TASK TO CARRY OUT
Your response to the data below should hold nothing except the lines from the one containing "Choose the brand" down to the one containing "Musik - Vol. 2 |", reproduced exactly and without pictures.

DATASET RECORDS section start

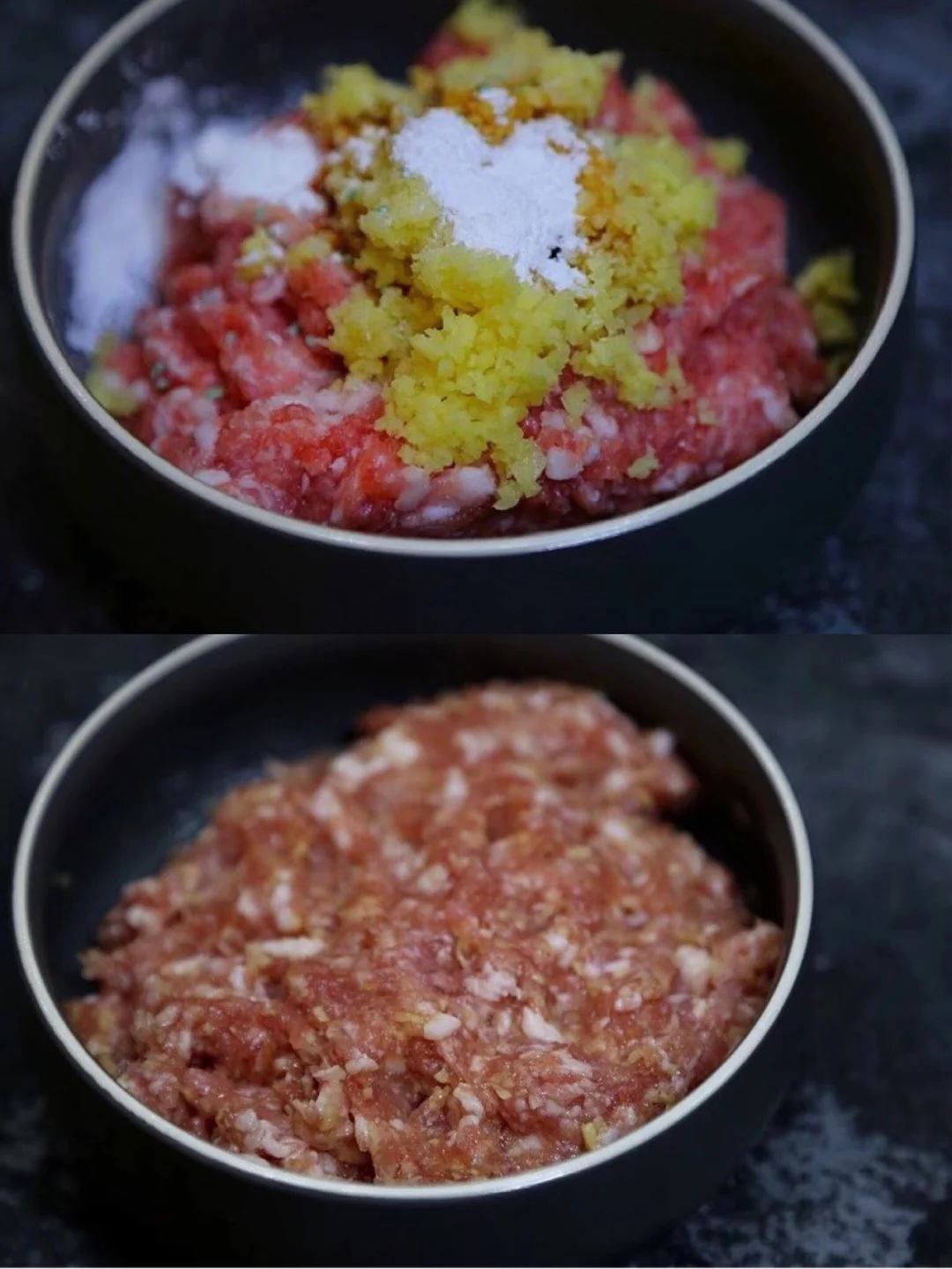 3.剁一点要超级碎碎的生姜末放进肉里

DATASET RECORDS section end
DATASET RECORDS section start

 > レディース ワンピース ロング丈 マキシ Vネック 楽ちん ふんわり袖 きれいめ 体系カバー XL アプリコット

DATASET RECORDS section end
DATASET RECORDS section start

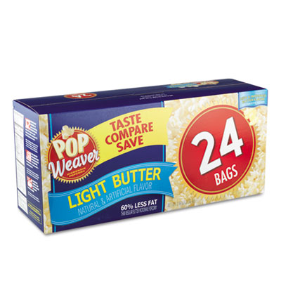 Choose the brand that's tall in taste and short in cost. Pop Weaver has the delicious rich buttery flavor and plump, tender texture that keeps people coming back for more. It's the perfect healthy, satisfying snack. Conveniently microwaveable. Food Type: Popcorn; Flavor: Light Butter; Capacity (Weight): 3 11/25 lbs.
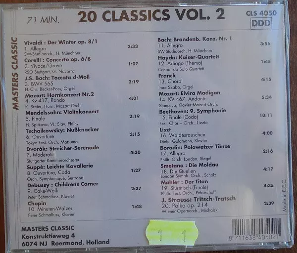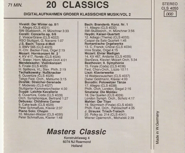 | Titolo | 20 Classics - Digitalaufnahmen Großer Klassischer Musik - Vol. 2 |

DATASET RECORDS section end

SOLUTION
 Choose the brand that's tall in taste and short in cost. Pop Weaver has the delicious rich buttery flavor and plump, tender texture that keeps people coming back for more. It's the perfect healthy, satisfying snack. Conveniently microwaveable. Food Type: Popcorn; Flavor: Light Butter; Capacity (Weight): 3 11/25 lbs.
 | Titolo | 20 Classics - Digitalaufnahmen Großer Klassischer Musik - Vol. 2 |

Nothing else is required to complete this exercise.